In the heart of the Leaf, the stone cracked again.
Not loudly.Not violently.
Just a thin fracture.Like the world taking a breath.
It ran across Naruto's name.
Only—That name was no longer there.
Scraped clean.Erased by time, or something stronger.
And from the crack—
A single golden thread pushed through.
Thin.Delicate.
But humming like thunder beneath the earth.
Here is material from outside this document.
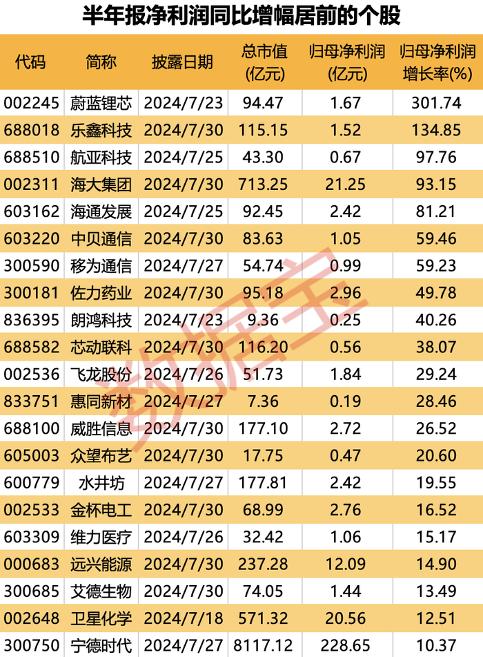 从净利润同比增幅来看,蔚蓝锂芯、乐鑫科技(688018)净利润翻倍,同比增幅依次为301.74%、134.85%;航亚科技和海大集团净利润增速均超过90%。

The six cloaked figures stood in the Hokage's office.
No names.
No introductions.
But Tsunade knew them.
Not their faces—Their presence.
Like echoes of stories never told.Or dreams forgotten before waking.
Menma stepped forward.
Unhooded.
His face was calm.
But his eyes—
They had Naruto's ache.
That soft, sharp sorrow for a world that never loved enough.
Tsunade didn't sit.
She didn't speak.
She just watched.
Waited.
Menma placed the scroll on her desk.
The one formed in the Temple Without Doors.
She opened it.
Words in no known script.
Yet she understood every one.
They weren't written in ink.
They were written in chakra.
Wounds stitched together.
A record of everything the world left behind.
Villages erased by war.
Children born with no names, no clans.
Shinobi who gave everything—And were buried under someone else's glory.
Tsunade's hands trembled.
"Why now?" she asked.
Menma answered without blinking.
"Because the seal is breaking."
"Because he's returning."
"And because the world will forget again if we let it."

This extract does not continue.